Ей повезло — ни разу в ее глазах не мелькнул желтый огонек. Никакой желтизны не было в ее глазах и тогда, когда она замышляла какое-нибудь зло против других. Но она слышала историю Сёльве. О том, что цвет его глаз постепенно менялся. И не хотела рисковать.
Тула хорошо провела время в Скенасе.
Но когда пришло время собираться домой, она тяжело вздохнула. От облегчения и одновременно от сожаления.
Хорошо было иметь такого идола, как Эскиль. Хорошо было устраивать вместе с ним всякие проделки. В таких случаях она обычно думала: «Что бы сказал по этому поводу Эскиль? Он сказал бы, что я смелая и толковая. Ему бы это понравилось». Но хорошо было также просто думать о нем. От идола большего и не требуется. А быть все время поблизости от него казалось ей обременительным. Ей приходилось задумываться над тем, не переступает ли она границы нормального. Ведь Тула желала счастья и успеха тем, кого любила, а тем, кого не выносила, желала всего самого наихудшего, сопровождая свои желания соответствующими проклятиями, которые оказывались действенными. Но Эскиль задавал ей то и дело вопросы, на которые она отказывалась отвечать.
И поскольку он был ее идолом, а не первой любовью, потому что она была еще мала для этого, ее вполне устраивало, что они живут в разных странах.
Они никогда не писали друг другу писем. Такими пустяками Тула не утруждала себя. Но он продолжал оставаться ее путеводной звездой. И это было хорошо, поскольку сознание того, что он человек нормальный, сдерживало в ней на время ее сексуальные интересы. Ей пришлось стать более разборчивой. К примеру, она не стала мстить Амалии за то, что та дружила с другими девчонками. Она не стала также мстить бабушке Сири, когда та запретила ей смотреть, как к корове подпускают быка. (Правда, это не помогло, потому что Тула все же увидела это.) Она не стала мстить и своим многочисленным дядям и тетям из фермерского дома, братьям и сестрам папы Эрланда, хотя она и очень злилась на них за их медлительность и тупость. Они ведь были ее близкими родственниками, и она по-своему любила их. Но в то же время она понимала, что ее любимый папочка был единственным из них, у кого варила башка. Не то, чтобы он отличался ученостью — вовсе нет, но здоровый крестьянский ум у него присутствовал. К тому же он был так добр к ней и к маме Гунилле, что только за одно это его стоило обожать.
Впрочем, ее родители были такими разными.

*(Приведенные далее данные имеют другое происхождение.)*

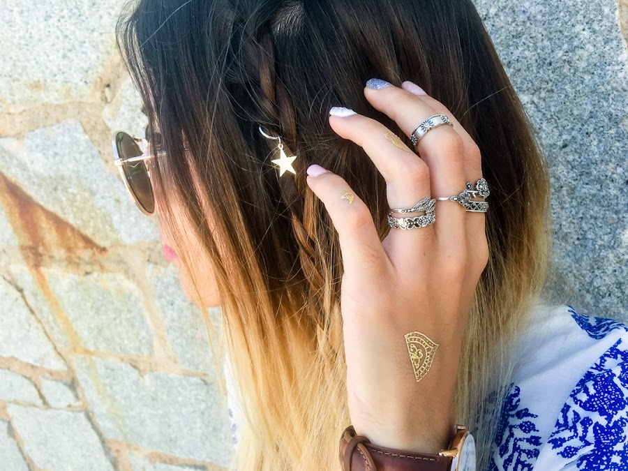 As accessories, I have chosen some rings and accessories for the hair to finish giving that bohemian touch. The rings are from ZAFUL and if I tell you what they cost me, do not believe it, only 0.01 because it was the ZAFUL birthday and I caught it super discount! Hair accessories are from DRESSLILY and I love the touch they give to braids.
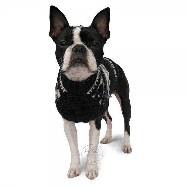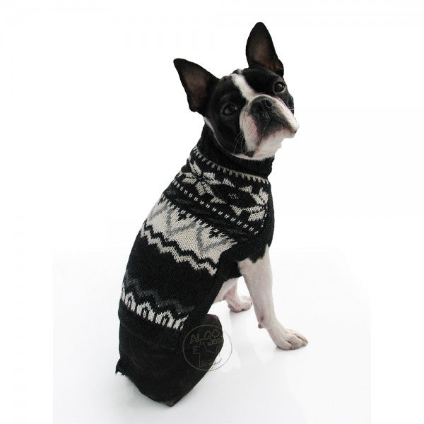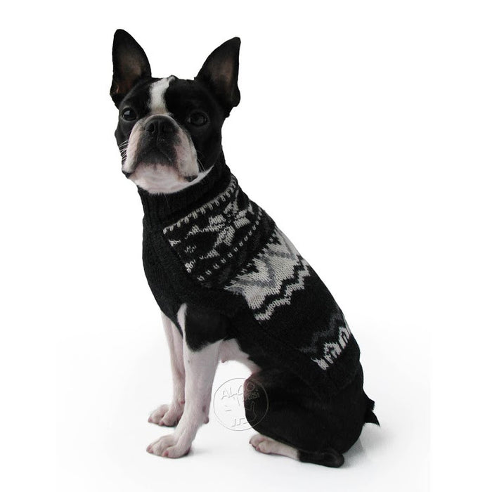 Mit abwechselnden geometrischen Mustern und nordischen Designs wird dieser schwarz-weiße, leichte Rollkragen-Hundepullover Ihren Vierbeiner umwerfend stilvoll halten.
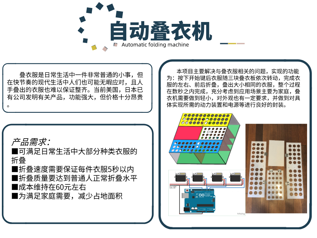 叠衣服是日常生活中一件非常普通的小事,但在快节奏的现代生活中人们也可能无暇应对,且人手叠出的衣服也难以保证整齐。当前美国,日本已有公司发明有关产品,功能强大,但价格十分昂贵。为应对此种情况,本小组设计出了能自动叠衣服的机器,实现了“一键叠衣”的功能,只要将衣服放上机器并按下开始键,一件衣服就会在数秒之内折叠玩成,具有叠衣效率高、操作简单、体积小等特点,不仅可以用于普通家庭的日常生活中,也可以用在服装厂,服装店等场合,减少人工操作。
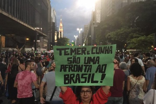 Posteriormente, os manifestantes se dirigiram para a frente da FIESP para protestarem contra o apoio dado pela entidade ao golpe em curso.
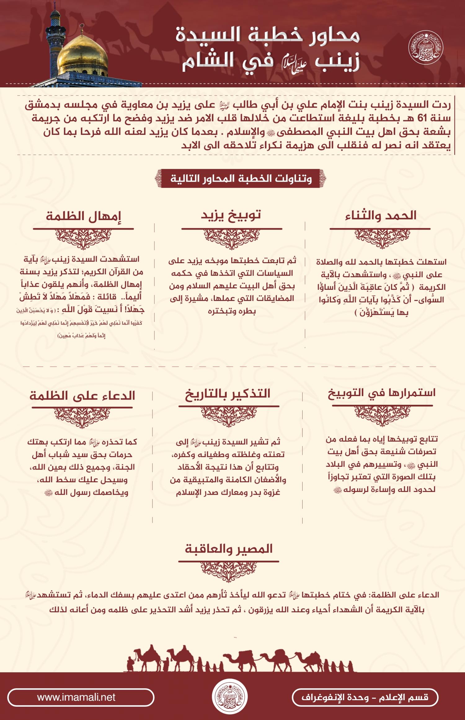 سلسلة محاضرات 1 خطب السيدة زينب عليها السلام مع سماحة الشيخ زمان الحسناوي 1442 ق. شرح خطبة السيدة زينب في مجلس يزيد قبل أن نبدأ بشرح بعض كلمات هذه الخطبة نجلب إنتباه القارئ الكريم إلى هذا التمهيد. خطبة السيدة زينب بنت علي بالشام.
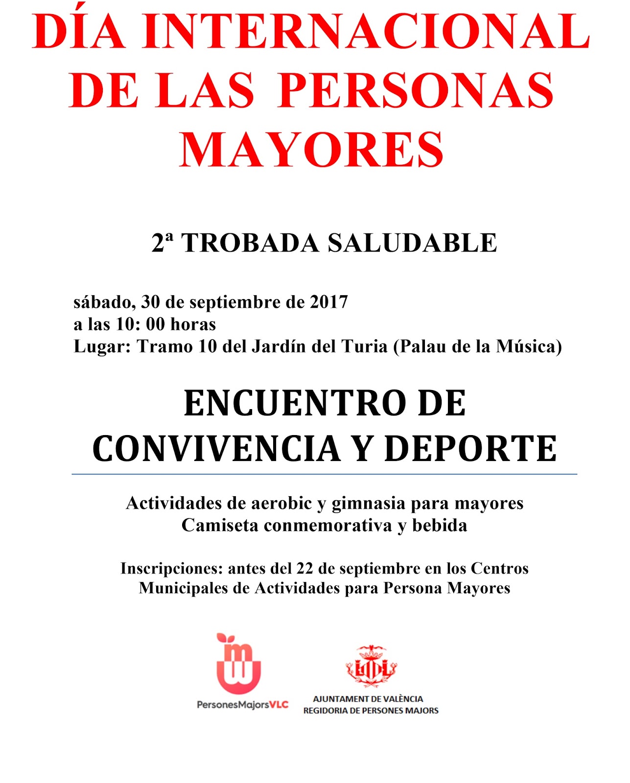 El día 30 la Trobada Saludable en el cauce del río, organizado por el Ayuntamiento de València y al que se puede inscribir desde el despacho de nuestra asociación hasta el día 22 de septiembre.
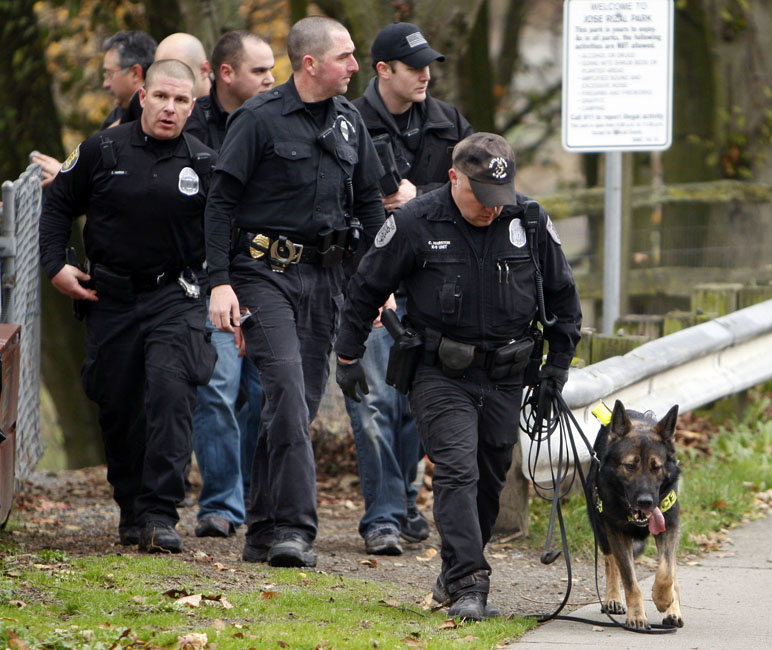 11月29日,美國(guó)4名警察在華盛頓州空軍基地附近一間咖啡館被兩名槍手槍擊,4人當(dāng)場(chǎng)死亡。美國(guó)軍方派遣反恐特警小組展開大規(guī)模追查。圖片來源:中國(guó)新聞網(wǎng)
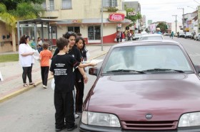 Com faixas explicando que “quanto menos sacolas plásticas você utilizar mais qualidade de vida o meio ambiente vai te dar”, os alunos fizeram um pedágio junto ao semáforo da Praça Lauro Muller e distribuíram “ecobags” (porta lixo para carros) com a finalidade de sensibilizar a população quanto à importância da eliminação das sacolas plásticas. Simultaneamente, foram distribuídos panfletos com desenho de Nicolas Schelbauer, da 5ª/9, sensibilizando quanto ao uso de sacolas reutilizáveis e a importância da preservação da cidade limpa.
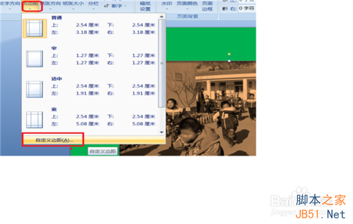 6、如果感覺插入的圖片比較靠上的話,可以進行頁邊距的設置,在工具欄中找到頁面布局,找到頁邊距,單擊一下,找到自定義,再單擊一下,把頁邊距的上方設置的數值大一些就可以了。
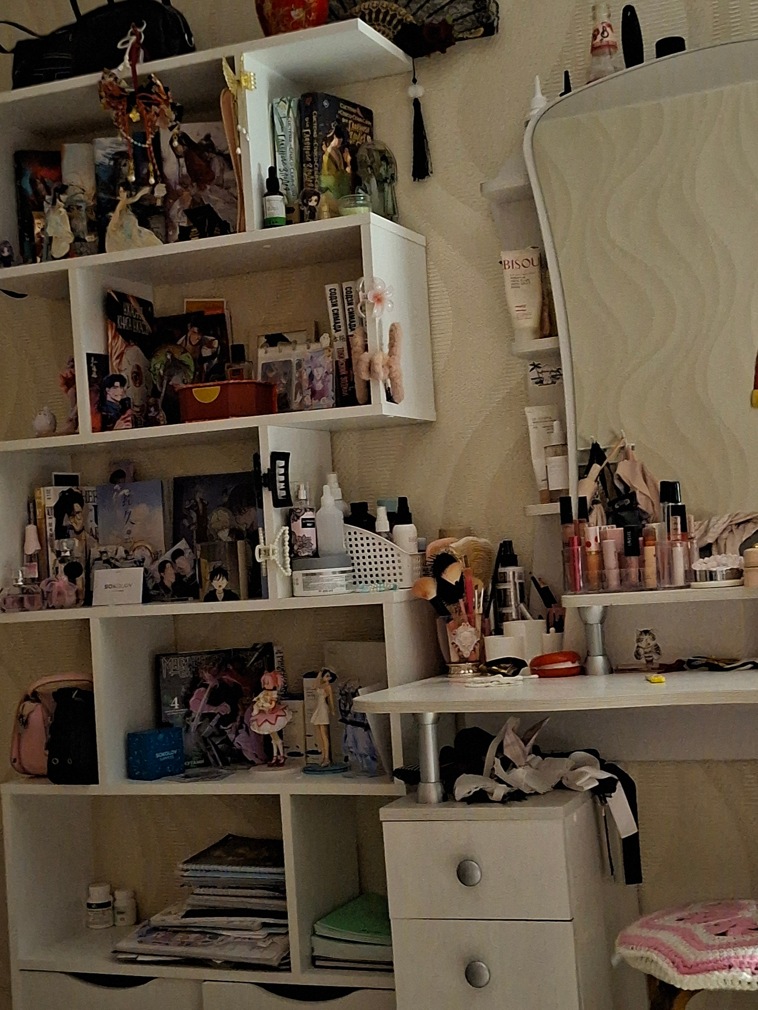 The image displays a densely packed multi-shelf unit and an adjacent vanity area, likely situated in a bedroom or dressing room in Chaikovsky, Russia. The scene appears inverted, with items placed on…read more

Но они понимали и уважали друг друга, и Тула знала, что ее мама пережила в детстве много трудностей — ей рассказывала об этом бабушка Эбба. Но папа Эрланд был всегда таким терпеливым по отношению к маме, утешал ее, когда у нее появлялся страх перед людьми или в памяти всплывали мучительные воспоминания.
Тула хорошо понимала, почему ее умная, прекрасная мама вышла замуж за папу Эрланда, который был не слишком умен и временами даже говорил такое, что все над ним смеялись.
Ни у кого не было таких прекрасных родителей, как у нее!
И когда Туле было одиннадцать, почти двенадцать, лет, она пережила нечто такое, что заставило ее забыть о своем решении не заниматься колдовством.
3
Тула, разгуливала достаточно свободно по окрестностям и однажды шла домой из Бергквары. Возле бергундской церкви ее остановила похоронная процессия.
Гробик был совсем маленьким. Тула знала, кто лежит в нем: восьмилетняя девочка. Ее изнасиловали и задушили в роще.
Переполох был страшный, поскольку эта девочка была не первой. За последние два года это был уже четвертый ребенок, найденный мертвым в Бергунде, Эйябю, Арабю, в окрестностях города Вехьо.
Отец, мать и все остальные строго запрещали Туле гулять одной. Но кто мог удержать ее? Она была словно лиса, рыщущая повсюду в поисках добычи. Вот и теперь дедушка Арв очень неохотно отпустил ее к родителям, строго-настрого приказав ни с кем по дороге не разговаривать. Он проводил ее через аллею, после которой начинались дома, и только последний отрезок пути был безлюдным. Дедушка сказал, чтобы она бежала со всех ног, не останавливаясь.
Тула смотрела на скорбно бредущих за гробом людей. На лице ее было написано нечто непостижимое.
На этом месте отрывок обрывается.